Monday, October 24, 2011
On Saturday, October 15th we had the lunch that was at another church and was catered by a place called Meatheads. We had BBQ pulled pork and some other things and it was quite good! Of course, Kyndra didn’t eat anything. She’s always picky! The girls did enjoy running around the gym and playing. (Kyndra was playing with the stones she took from our hotel’s landscaping.)
Here is the pamphlet from the memorial that evening. I unfolded it and scanned it. You can click to make larger.
The first event of the evening was at Levee Park in Red Wing, MN. We had a balloon release there.
The next event was the lantern lighting at Central Park in Red Wing. Once we arrived we enjoyed listening to some songs.
Not long after the ceremony started everyone went up and lit them. I got both a lantern and a luminary for my babies Jordan and Carleigh.

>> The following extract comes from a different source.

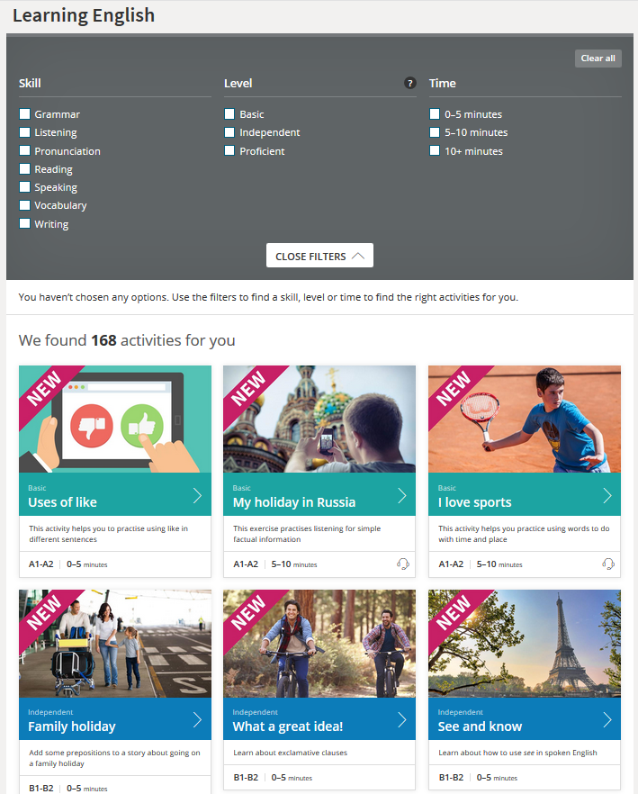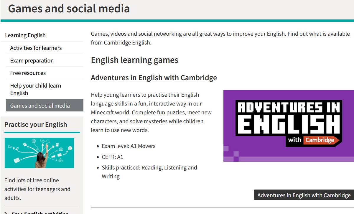 This page allows you to access all of Cambridge's learning materials. Choose the level and skill you would like to practice.

I really like this photo that Heather’s daughter took.
Towards the end of the ceremony it was time for the speakers, which meant it was my turn!! I admit, I was definitely nervous. I have never spoken in front of anyone sharing our story of Carleigh. Anthony says he could tell I was nervous but I eventually settled into a good rhythm. It prolly didn’t help that I was a little chilly! The air wasn’t real cold but there was a crisp breeze that evening. A couple parts I got a little teary but I made it through! I’m so glad that I got to share.
After I shared my story it was Amanda’s turn and then Sherokee Isle spoke. If you’re not familiar with her she wrote the book Empty Arms: Coping After Miscarriage, Stillbirth, and Infant Death. I haven’t read the book but I am sure it is good. She was good at speaking and we were all glad that she had decided to join us that evening and speak. I even got to speak with her after everything was over and I felt better when she said I did a good job speaking.
Wanted to share also a pamphlet about the support offered by Anchored By Hope.